• **What is being asked**
Print exactly the lines below between the line containing "Na Smetanově náměstí" and the line containing "Le sostanze prese", counting both of those lines. Leave pictures out.

• **Information provided**
----------------
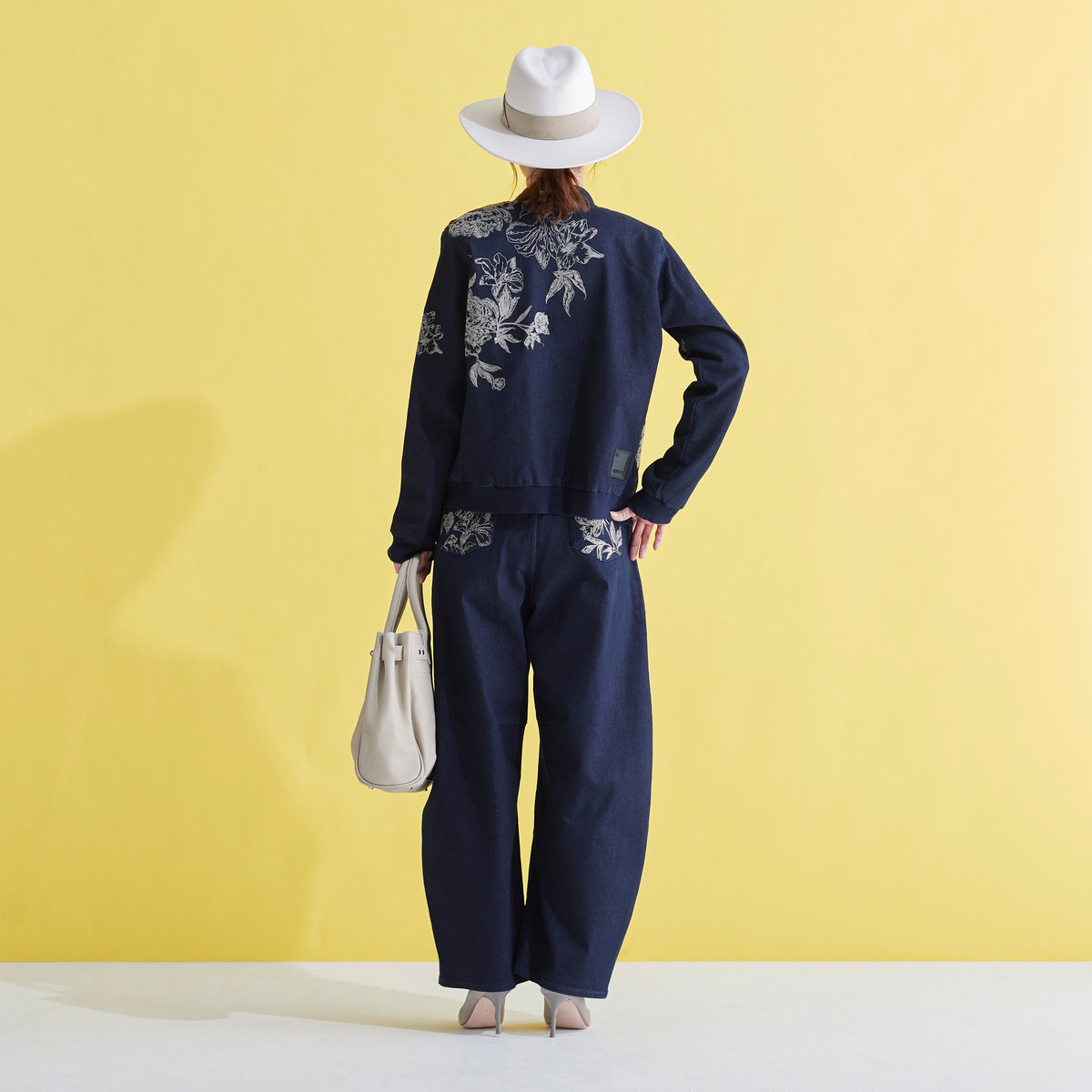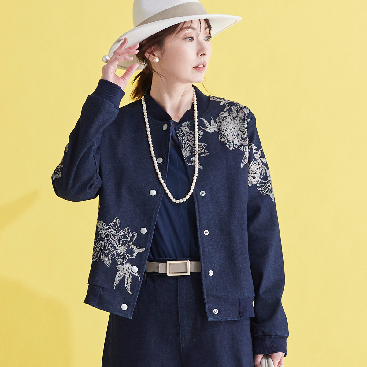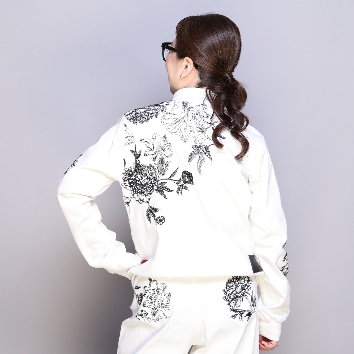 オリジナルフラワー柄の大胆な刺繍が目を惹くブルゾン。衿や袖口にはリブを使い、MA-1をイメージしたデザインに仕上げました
----------------
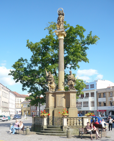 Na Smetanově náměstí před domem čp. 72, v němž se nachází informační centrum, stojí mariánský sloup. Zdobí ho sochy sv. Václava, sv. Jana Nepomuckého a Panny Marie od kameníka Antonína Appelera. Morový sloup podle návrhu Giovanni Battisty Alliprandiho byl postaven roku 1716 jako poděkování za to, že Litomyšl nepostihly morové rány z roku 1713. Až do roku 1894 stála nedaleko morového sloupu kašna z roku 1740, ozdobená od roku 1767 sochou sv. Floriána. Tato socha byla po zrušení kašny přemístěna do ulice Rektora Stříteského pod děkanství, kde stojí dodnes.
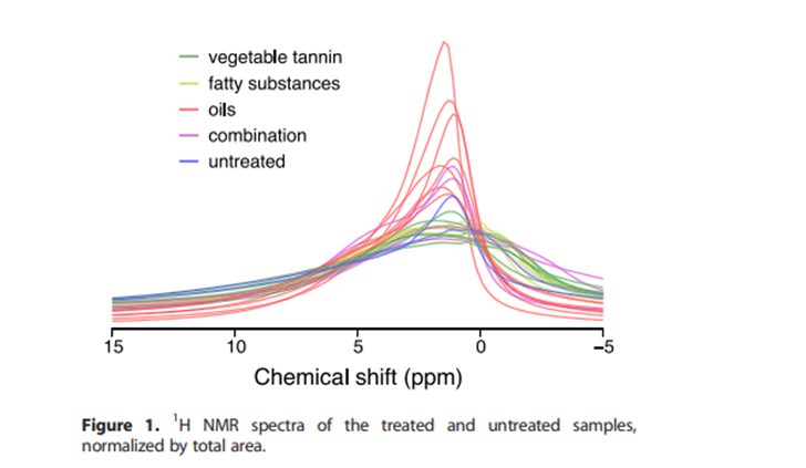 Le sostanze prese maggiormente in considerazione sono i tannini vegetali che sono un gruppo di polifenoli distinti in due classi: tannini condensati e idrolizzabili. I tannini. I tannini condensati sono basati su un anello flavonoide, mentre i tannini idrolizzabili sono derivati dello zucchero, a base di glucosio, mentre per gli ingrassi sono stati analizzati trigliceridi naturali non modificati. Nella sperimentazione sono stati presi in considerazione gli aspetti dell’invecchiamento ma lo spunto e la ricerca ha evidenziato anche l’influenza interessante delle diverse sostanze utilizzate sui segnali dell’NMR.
----------------
• **Solution to this problem**
 Na Smetanově náměstí před domem čp. 72, v němž se nachází informační centrum, stojí mariánský sloup. Zdobí ho sochy sv. Václava, sv. Jana Nepomuckého a Panny Marie od kameníka Antonína Appelera. Morový sloup podle návrhu Giovanni Battisty Alliprandiho byl postaven roku 1716 jako poděkování za to, že Litomyšl nepostihly morové rány z roku 1713. Až do roku 1894 stála nedaleko morového sloupu kašna z roku 1740, ozdobená od roku 1767 sochou sv. Floriána. Tato socha byla po zrušení kašny přemístěna do ulice Rektora Stříteského pod děkanství, kde stojí dodnes.
 Le sostanze prese maggiormente in considerazione sono i tannini vegetali che sono un gruppo di polifenoli distinti in due classi: tannini condensati e idrolizzabili. I tannini. I tannini condensati sono basati su un anello flavonoide, mentre i tannini idrolizzabili sono derivati dello zucchero, a base di glucosio, mentre per gli ingrassi sono stati analizzati trigliceridi naturali non modificati. Nella sperimentazione sono stati presi in considerazione gli aspetti dell’invecchiamento ma lo spunto e la ricerca ha evidenziato anche l’influenza interessante delle diverse sostanze utilizzate sui segnali dell’NMR.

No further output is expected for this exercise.